Пошатываясь, на крыльцо вывалился князь.

— Ох, ты, — еле вымолвил он, — перепил маленько…

— Передохни, Олександр Ярославич, — сказал Олег, подумав, что этого вельможного пацана впору Сашкой звать.

— Эт-то так… — Князь повертел пальцами в воздухе. — В себя прийти. Срамно сказать, какого я страху в Орде натерпелся!

— Чего же в том срамного? Знаешь небось ордынцы мягко стелют, да жёстко спать!

— Ох, до чего же жёстко… — вздохнул Александр Ярославич. — Хан Угедэй готовит «числение людей» — все земли велит переписать, хочет твёрдые налоги установить: тамгу, мыт, ям, поплужное, мостовщину. А дань-то и так тяжка! Полгривны с сохи! Даже на младенцев наложили десятину, вынь да положь им шкуры медвежьи, соболиные, бобровые. А новгородцы, что дети малые, не познавши гнёта истинного, не ведают, что такое неволя! Как я сюда численников ханских приведу? Как заставлю платить — и не вякать?!

— Заставишь, князь, — твёрдо сказал Олег. — Дураку не объяснишь, а умный и сам поймёт — сколько ни плати, всё одно дешевле выходит, нежели войну терпеть. Лучше покряхтеть, да откупиться, чем в землю лечь…

— Правду говоришь, — кивнул князь, воздыхая. Повернувшись к Олегу, Александр Ярославич нахмурился озабоченно и молвил: — Сослужил бы ты мне службу, посланник, что ли…

— Приказывай, князь, — спокойно ответил Сухов, — исполню.

Подбодрившись, Ярославич сказал:

— Надо бы грамотку снести в крепость Ладожскую…

— Знаю те места, — кивнул Олег.

— Вот! В крепости посадник сидит тамошний, Доброгаст. Надо ему ту грамоту вручить и передать на словах, чтобы пуще глаза следил за Волховым, а особо — за Невой. А то больно уж разрезвились свеи, то и дело заглядывают, и емь[168] вконец распустилась, всё грозят нам, в походы собираются, сёла наши жгут, людей побивают… С монголами-то я договорился, а эти лезут и лезут, и слова на них тратить бесполезно — сечь надо в кровь! Вот пущай и созовёт охочих людей, чтобы по теплу, когда лёд сойдёт, можно было первыми удар нанесть по душегубцам, а не ждать, пока те придут нашу кровь лить!

— Умно, — оценил Сухов и твёрдо пообещал: — Всё передам.
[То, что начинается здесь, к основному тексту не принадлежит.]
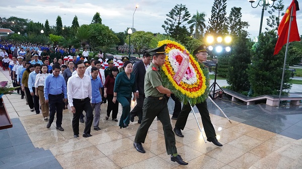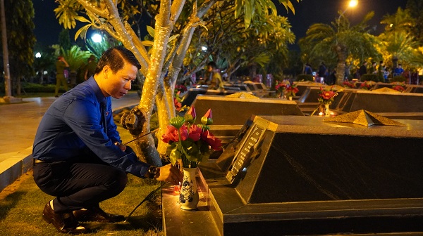 Tại chương trình, các đại biểu đã thành kính dâng hoa, dâng hương lên Đài tưởng niệm trung tâm, thắp sáng nến, dâng hương, hoa trên gần 6.200 phần mộ liệt sĩ tại nghĩa trang.

Когда отправляться?

— Да хоть завтра!

— Решено, — кивнул Олег.

— И я с тобой! — вскочил Пончик.

— Да куда ж без тебя? — ухмыльнулся личный посланник Батыя, и лицо князя впервые выразило веселье.
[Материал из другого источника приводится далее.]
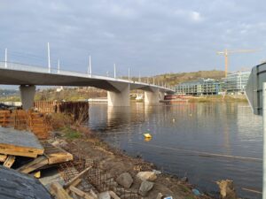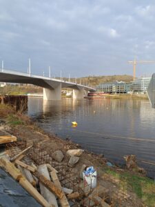 „Zajímal jsem se i o to, jak vlastně probíhala samotná stavba, protože výsledek je opravdu úchvatný,“ dodává s obdivem Vlasta. „Byla to nesmírně náročná práce, zejména co se týče zakládání pilířů přímo ve vltavském proudu. Most je navržený z bílého betonu v krásných plynulých křivkách, které odkazují na kubismus. Navíc se nezapomnělo ani na okolí – přímo pod mostem vznikají nové relaxační zóny.“

— Пошли-ка все спать, — предложил Сухов.

Князь с посланником княжьим поразмыслили и выразили согласие.

167

Рейкс — правитель у вендов (венедов), населявших Вагрию (Южная Прибалтика). Историки сходятся на том, что Приильменье и Поволховье заселялось именно вендами, только вот «антинорманисты» упорно именуют их славянами. Археологи, правда, не находят в тех местах славянских следов, в изобилии откапывая предметы скандинавского типа, но славянофилов это не убеждает — они крепки в вере своей.

168

Емь, которую шведы называли тавастами, — крупный племенной союз, сложившийся на территории центральной Финляндии. Покорен шведами. После XIII века название емь исчезает из русских летописей.